▶ **Your objective**: Within the records below, find the line with "- 神父會穿着紫色祭衣,象徵" and the line with "保健食品产业链上游主要包括保", then reproduce exactly those two lines and all lines between them, without any picture.

▶ **The data**:
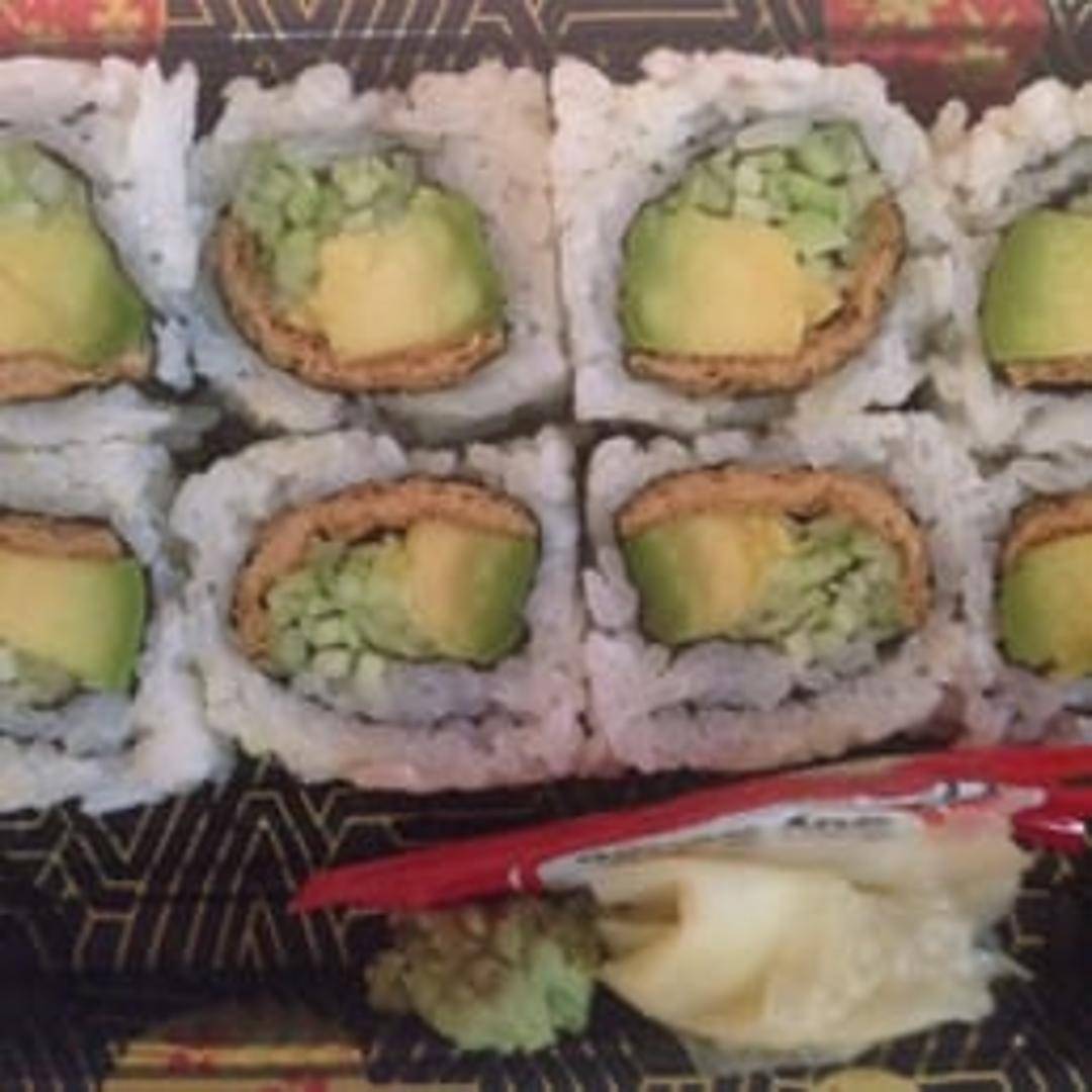 A delightful sushi bowl featuring seasoned sushi rice topped with fresh avocado, a variety of colorful chirashi ingredients (such as seaweed salad, edamame, and pickled ginger), and a drizzle of flavorful sauce. A vegetarian-friendly option offering a balanced and refreshing sushi experience.
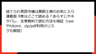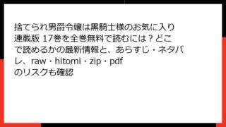 少女マンガ 捨てられ男爵令嬢は黒騎士様のお気に入り 連載版 17巻を全巻無料で読むには?どこで読めるかの最新情報と、あらすじ・ネタバレ、raw・hitomi・zip・pdfのリスクも確認 『捨てられ男爵令嬢は黒騎士様のお気に入り 連載版』17巻 あらすじ 『捨てられ男爵令嬢は黒騎士様のお気に入り 連載版』は、野津川香による漫画で、水野沙彰の原作を基にした人気の溺愛ラブファンタジーです。第17巻では、魔力を持たない令嬢ソフ... 2025.09.07 少女マンガ捨てられ男爵令嬢は黒騎士様のお気に入り 連載版
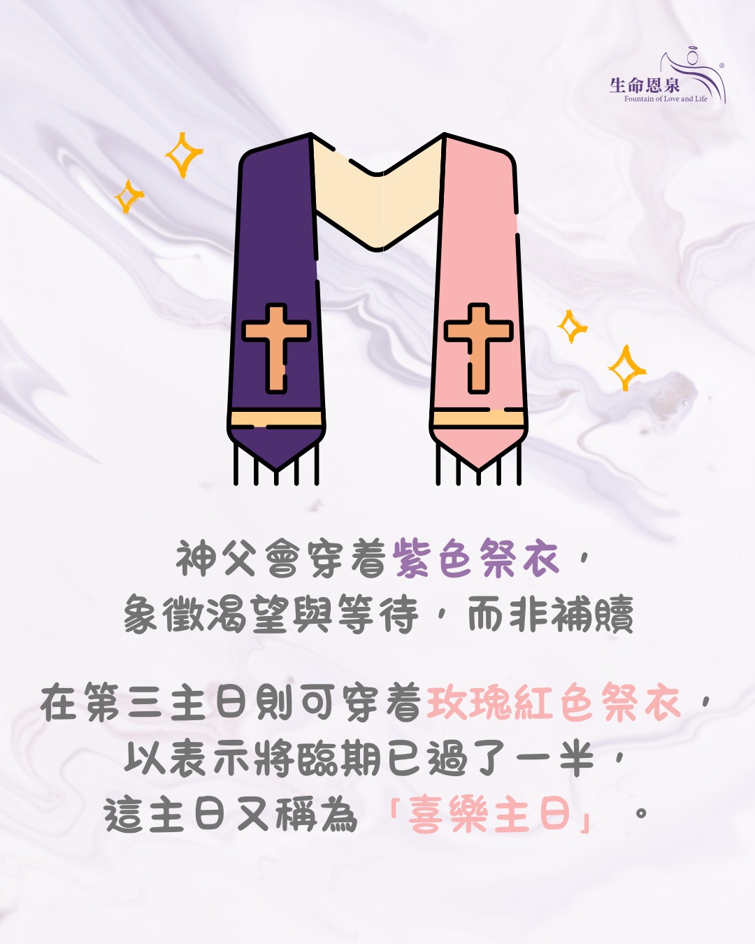 - 神父會穿着紫色祭衣,象徵渴望與等待,而非補贖。在第三主日則可穿着玫瑰紅色祭衣,以表示將臨期已過了一半,這主日又稱為「喜樂主日」。
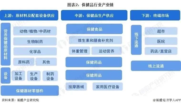保健食品产业链上游主要包括保健食品原材料(动物/植物/中药材、生物制剂、化学药品等)、配套设备和保健器材零部件;中游是指保健食品供应商,保健食品种类繁多,市场上常见的可划分为保健食品及药品、保健器械,保健食品又主要包括传统滋补类和膳食补充剂;产业链下游主要为保健食品的流通企业,主要包括各大超市、医院、药店、直营店和电商等。
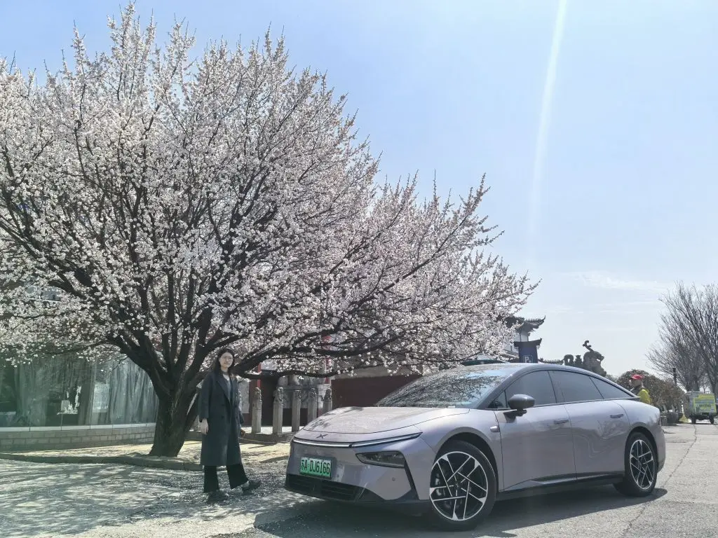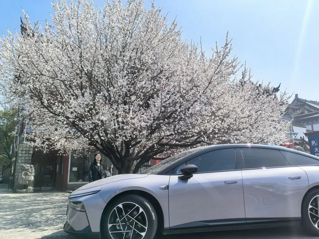 路过溧水周园时,远远就被门口一棵超大樱花树吸引。树干粗壮,一看就很有年头,枝条舒展茂密,樱花正开得轰轰烈烈。就长在路边,停车就能直接拍,独独一棵樱花树,来往打卡的人很少,几乎没人抢镜,360°无死角随便拍,完全不用担心路人闯入镜头。风一吹,樱花簌簌飘落,给我的小鹏P7+淋了一场温柔的樱花雨,浪漫到心坎里。
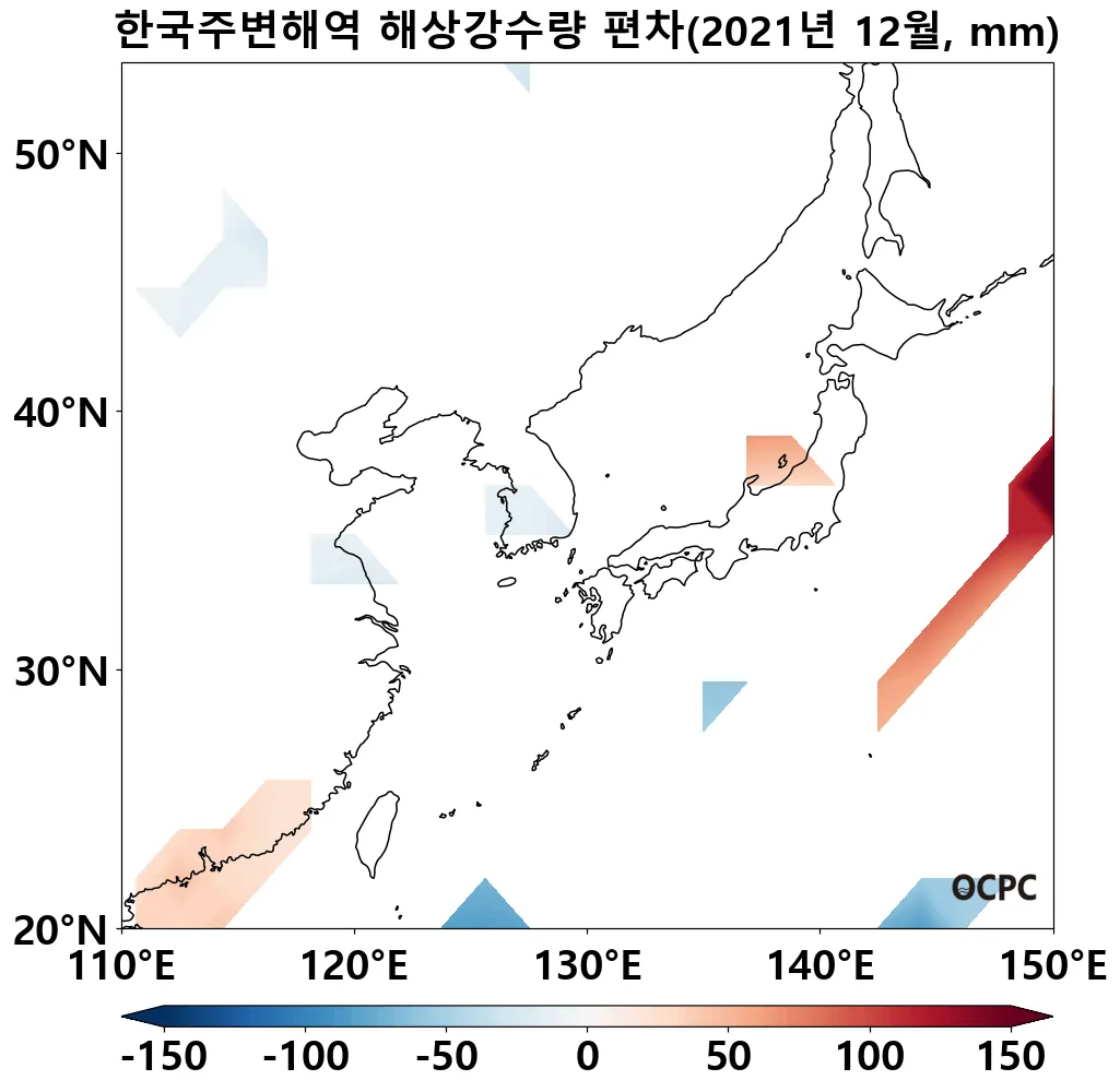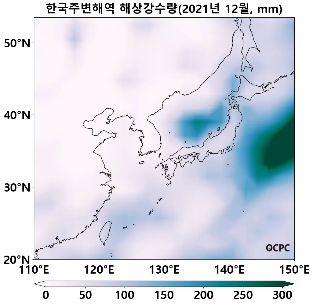 최근 30년 동안 전지구 평균 12월 해상강수량은 10년에 1.2mm씩, 한국주변해역, 동해, 동중국해는 10년에 4.5~6.5mm씩 증가하는 추세이며, 황해는 10년에 0.7mm씩 감소하는 추세입니다.
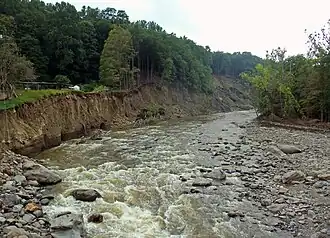 Hurricane Irene caused the creek to swell, coming nearly to the platform of the 9W bridge,[16] and washing out an area at the Forge Hill Road bridge.[17][18] This caused the closing of part of Butternut Drive, and all of Forge Hill Road, except the easternmost 640 feet (200 m), from Route 9W to Staples Lane. The portion east of Staples Lane remains open to local traffic, until the east end of the bridge, which is unstable. One house on Butternut Lane has been condemned, and the property fenced off, due to the dangerous dropoff on the property.[19] The road was not rebuilt and reopened until the late 2010s.

▶ **Finished exercise**:
 - 神父會穿着紫色祭衣,象徵渴望與等待,而非補贖。在第三主日則可穿着玫瑰紅色祭衣,以表示將臨期已過了一半,這主日又稱為「喜樂主日」。
保健食品产业链上游主要包括保健食品原材料(动物/植物/中药材、生物制剂、化学药品等)、配套设备和保健器材零部件;中游是指保健食品供应商,保健食品种类繁多,市场上常见的可划分为保健食品及药品、保健器械,保健食品又主要包括传统滋补类和膳食补充剂;产业链下游主要为保健食品的流通企业,主要包括各大超市、医院、药店、直营店和电商等。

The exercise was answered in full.